看jdk源码，看到 LinkedHashSet时，说底层调用的LinkedHashMap进行存放数据，点入LinkedHashSet的add方法看了一下，看到如下代码：

    /**
     * Adds the specified element to this set if it is not already present.
     * More formally, adds the specified element e to this set if
     * this set contains no element e2 such that
     * (e==null ? e2==null : e.equals(e2)).
     * If this set already contains the element, the call leaves the set
     * unchanged and returns false.
     *
     * @param e element to be added to this set
     * @return true if this set did not already contain the specified
     * element
     */
    public boolean add(E e) {
        return map.put(e, PRESENT)==null;
    }

其中的PRESENT 为类的一个私有Object对象。

private static final Object PRESENT = new Object();

这就很值得研究一下，为什么add()方法中，存入的value不是null？
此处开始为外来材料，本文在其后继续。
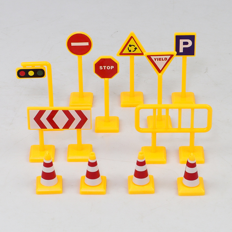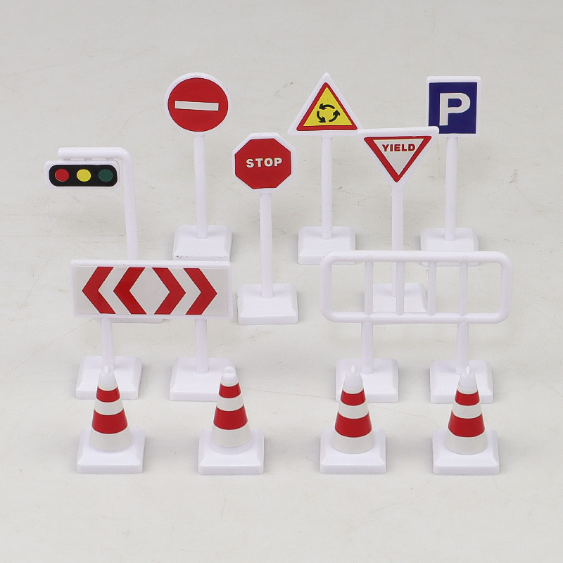 어린이 교통 안전 다양한 시뮬레이션 교통 신호 표지판 세트 모델 장면 과학 및 교육 장난감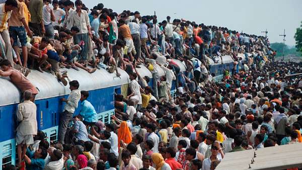 Речь идёт не о нижних и верхних полках, забитых как сардинами сидящими пассажирами, а о пространстве в коридоре, внутри и вокруг них. Люди выдерживали "второй этаж" на своей голове и плечах только потому, что были стиснуты и притиснуты друг к другу со всех сторон. На крыше вагона, конечно, ехать было лучше. Поезд пришлось брать штурмом, с мордобоем. "Зайцы" напирали со всех сторон, билетов не было почти ни у кого. Так я ехал с группой советских студентов из Махараштры в Тамилнад, проведя предварительно ночь с походной сумкой в виде подушки на полу грязного вокзала в городе Пуна, так как в первый следовавший в нужном направлении поезд пробиться не удалось.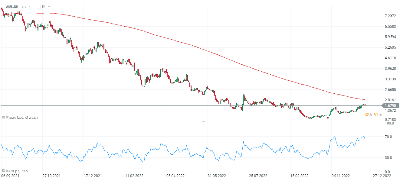 Akcje Aston Martin, interwał D1. Patrząc na notowania z szerszej perspektywy możemy dostrzec rysującą się formację spodka oraz coraz wyższych dołków, co może zwiastować próbę odwrócenia spadkowego trendu i wejścia powyżej 200 sesyjnej średniej, która przebiega przy poziomach w okolicach psychologicznego oporu tj. 2,00 GBP za walor. Źródło: xStation5

正常来说，存入null的效率和空间占用是否会更好一点？

继续往下看，看map.put（）方法的实现：

    /**
     * Associates the specified value with the specified key in this map.
     * If the map previously contained a mapping for the key, the old
     * value is replaced.
     *
     * @param key key with which the specified value is to be associated
     * @param value value to be associated with the specified key
     * @return the previous value associated with key, or
     *         null if there was no mapping for key.
     *         (A null return can also indicate that the map
     *         previously associated null with key.)
     */
    public V put(K key, V value) {
        return putVal(hash(key), key, value, false, true);
    }

putval()方法如下：

    /**
     * Implements Map.put and related methods
     *
     * @param hash hash for key
     * @param key the key
     * @param value the value to put
     * @param onlyIfAbsent if true, don't change existing value
     * @param evict if false, the table is in creation mode.
     * @return previous value, or null if none
     */
    final V putVal(int hash, K key, V value, boolean onlyIfAbsent,
                   boolean evict) {
        Node[] tab; Node p; int n, i;
        if ((tab = table) == null || (n = tab.length) == 0)
            n = (tab = resize()).length;
        if ((p = tab[i = (n - 1) & hash]) == null)
            tab[i] = newNode(hash, key, value, null);
        else {
            Node e; K k;
            if (p.hash == hash &&
                ((k = p.key) == key || (key != null && key.equals(k))))
                e = p;
            else if (p instanceof TreeNode)
                e = ((TreeNode)p).putTreeVal(this, tab, hash, key, value);
            else {
                for (int binCount = 0; ; ++binCount) {
                    if ((e = p.next) == null) {
                        p.next = newNode(hash, key, value, null);
                        if (binCount >= TREEIFY_THRESHOLD - 1) // -1 for 1st
                            treeifyBin(tab, hash);
                        break;
                    }
                    if (e.hash == hash &&
                        ((k = e.key) == key || (key != null && key.equals(k))))
                        break;
                    p = e;
                }
            }
            if (e != null) { // existing mapping for key
                V oldValue = e.value;
                if (!onlyIfAbsent || oldValue == null)
                    e.value = value;
                afterNodeAccess(e);
                return oldValue;
            }
        }
        ++modCount;
        if (++size > threshold)
            resize();
        afterNodeInsertion(evict);
        return null;
    }

实现不需要仔细看，先看他的关于return的注释：

     * @return previous value, or null if none

意思就是，返回当前值，如果值不存在，为第一次添加该key的话，返回null。

所以，如果前边add时，添加的value为null，那返回的话，就不能区分时第一次添加返回的空值null，还是重复添加时，返回的已有值，只是这个值为null，但是，添加的如果是一个Object，就可以避免这个问题了。

源码的每一步实现，都是有道理的。